Archive pour le 12 janvier, 2018

La lettre de Laurent Joffrin…………(12/01/2018)

Libération 12 janvier 2018
Laurent Joffrin
La lettre politique
de Laurent Joffrin

Une pierre dans le jardin décliniste

Encore une fois, les sinistres, les geignards, les bonnets de nuit, les Cassandre, les docteurs tant pis et les broyeurs de noir en sont pour leurs frais. En général regroupés aux extrêmes, ils se répandent en lamentations, en imprécations, en philippiques, en apocalyptiques prophéties finkielkrautiennes ou mélenchoniennes sur l’état de la démocratie. Soit pour soupirer sur le temps passé, soit pour agiter d’improbables rêves de grands soirs.

Las! L’opinion, qui est plus sage, vient encore une fois de les contredire. Une enquête Viavoice-Fondation Jean Jaurès montre que la confiance dans la démocratie française se redresse brusquement. Malgré l’abstention préoccupante, malgré le populisme, malgré le terrorisme, malgré la crise, le chômage, l’exclusion, le racisme qui plombent l’atmosphère et fournissent leurs munitions aux druides de la décadence, les Français estiment que l’état de la démocratie en France s’améliore. Mieux, de manière contre-intuitive, ce sont les catégories qu’on n’attendait pas qui regagnent soudain en optimisme: les jeunes et les classes populaires.

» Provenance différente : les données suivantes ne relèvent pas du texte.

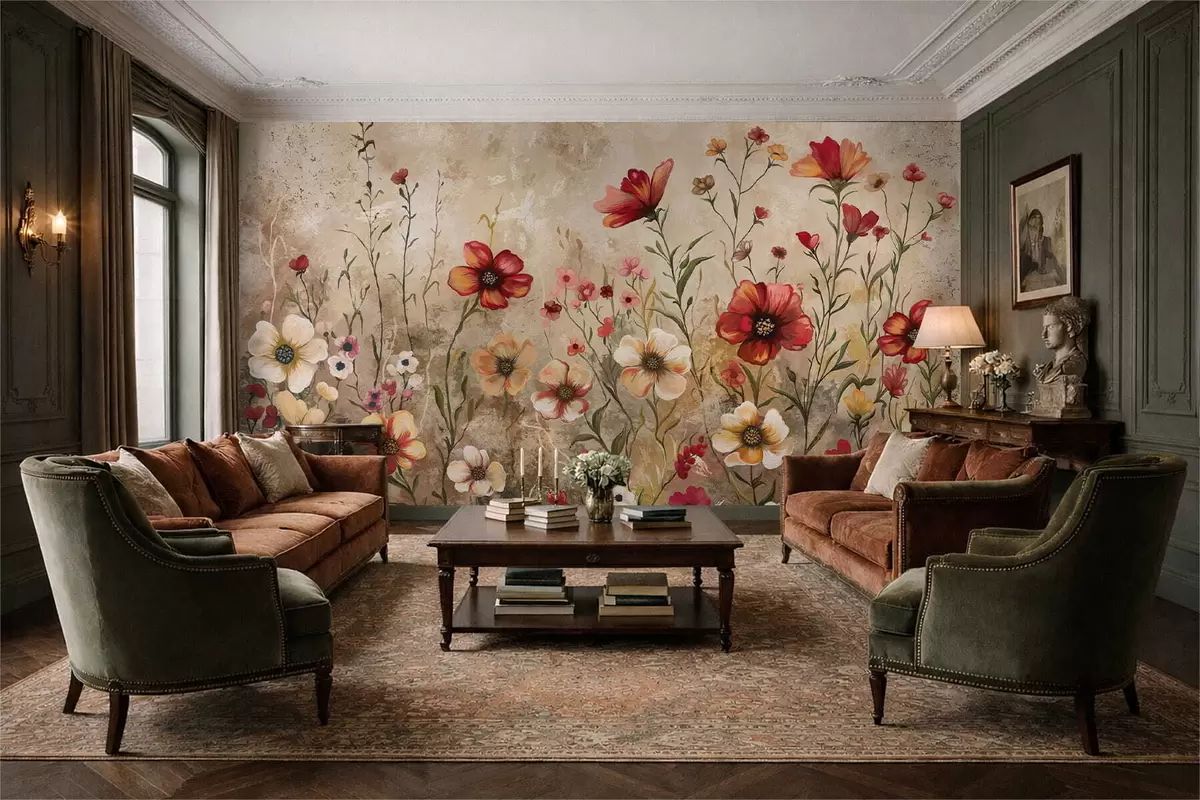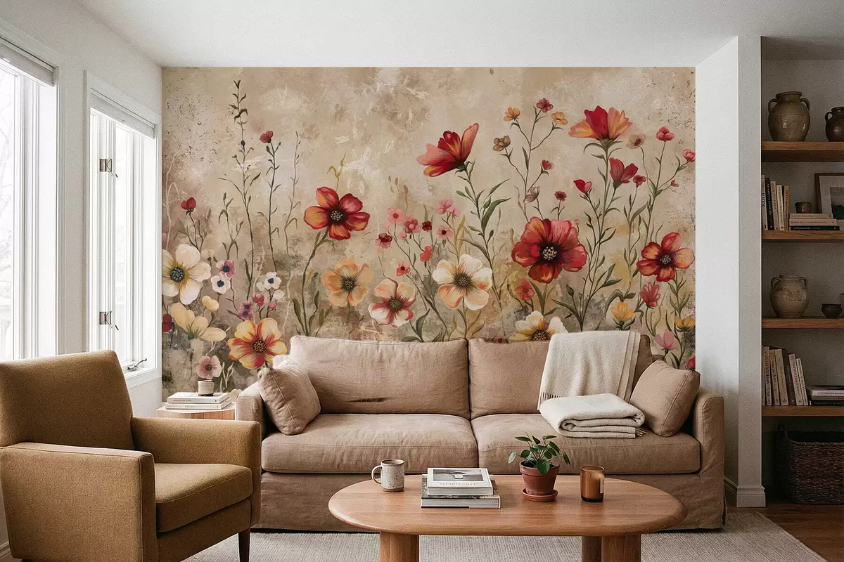 Fototapeta Kompozycja kwiatowa na teksturowanym tle w ciepłych odcieniach Nr w05016

On peut supposer que l’élection d’Emmanuel Macron et le vaste coup de balai afférent ont joué un rôle central dans ce regain. Il est probable, en fait, que l’affaire soit plus profonde. Le renouveau des dirigeants, écume de la vague, recouvre un phénomène de fond: en considérant le résultat de la dernière élection présidentielle, en regardant Emmanuel Macron agir, en bien ou en mal, en constatant la mise au rancart des vieilles structures, les Français se rendent compte que leur vote compte, qu’un scrutin peut changer les choses, que le système, s’il l’a jamais été, n’est pas bloqué, bref que la politique, malgré la reproduction des élites, malgré l’Europe qu’on dit paralysante, malgré la mondialisation qui aurait annihilé toute souveraineté populaire, garde un pouvoir. Voilà une bonne nouvelle qu’on s’empressera sans doute d’étouffer par un redoublement de jérémiades.

Et aussi

• La CGT le conteste, mais l’évolution est nette, pour ne pas dire inexorable: à chaque scrutin professionnel important, au niveau national ou dans les grandes entreprises, la centrale perd des plumes. Si l’on en croit le Canard enchaîné, le syndicat de Philippe Martinez aurait été quitté par un tiers de ses adhérents en un an. Les élections qui auront lieu prochainement dans le secteur public sont un test important. En juillet, Laurent Berger avait suscité une réunion discrète avec ses homologues de FO et de la CGT pour tirer la sonnette d’alarme: après avoir soufflé en tempête sur le monde politique le «dégagisme» menace maintenant l’univers syndical. Arc-bouté sur sa ligne anticompromis, Martinez ne l’a guère écouté.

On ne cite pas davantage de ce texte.